他們可以毫不眨眼地屠殺手無寸鐵的百姓,可以憑藉精良的火器壓制勇敢的神州將士。
但當他們面對一群完全殺不死,且殺人手段如鬼神般恐怖的怪物時,刻在骨子裡的欺軟怕硬徹底暴露無遺。
「魔鬼,這是滿洲國的魔鬼!」
「快逃,打不死的,根本打不死!」
殘存的日軍丟下引以為傲的步槍,哭喊著連滾帶爬向後方逃竄。
但轉身逃跑只會讓他們死得更快。
短短不到半柱香的功夫,整整六百多名裝備精良的日本兵便化作了一地碎肉,長街上的積雪被融化,粘稠的血液匯聚成暗紅色的溪流,順著青石板的縫隙緩緩流淌。
只有零星幾個日本兵早早逃跑。
蘇白面無表情地踏過滿地殘骸,靴子踩在血水中發出黏膩的聲響。
他目光平靜地看向遠處那座戒備森嚴的指揮部大樓。
「去,把地上那些香瓜手雷都撿起來。」蘇白輕聲下令。
二十尊暗影沉默地彎腰,將戰利品掛滿腰間,隨後如同幽靈衛隊般,簇擁著蘇白,繼續向著縣城的心臟地帶穩步推進。
……
本溪縣守備指揮部,中佐辦公室。
屋內火爐燒得正旺,將房間烘得暖洋洋的,卻驅不散板津直純骨子裡的那一絲寒意。
他坐在寬大的辦公桌後,食指毫無規律地敲擊著實木桌面。
早在蘇白現身城門的那一刻,他就得到了情報,認出這就是那四個被奉天司令部下了天價通緝令的神州異人之一。
板津直純並沒有像開原縣的同僚那樣傲慢輕敵,他深知能連續剿滅松風營地和兩座重鎮的人絕非泛泛之輩。
為了確保萬無一失,他直接派出了手底下的四個步兵中隊,整整七百名全副武裝的大日本帝國勇士。
可那砰砰亂跳的心臟,卻讓他始終無法安定。
幾分鐘前,他還是沒忍住拿起了桌上的電話機,要通了駐紮在公主嶺的森連中將,請求鐵道守備大隊隨時準備支援。

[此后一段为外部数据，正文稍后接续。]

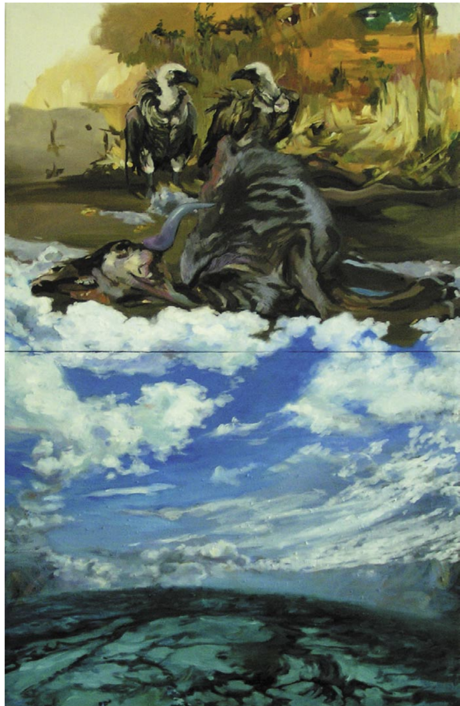
KATARINA BALÁŽOVÁ PO SMRTI - AFTER DEATH

就在他剛剛放下聽筒的瞬間,辦公室的實木門被砰的一聲粗暴撞開。
副官連軍帽都跑丟了,腳步踉蹌地撲倒在辦公桌前,臉色慘白得如同死人,嘴唇止不住地哆嗦著。
「不好了,中佐閣下,全……全完了!」
板津直純猛地站起身,雙手撐在桌面上,眼神如刀般刮過副官的臉龐,呼吸出現了一絲微不可察的停滯。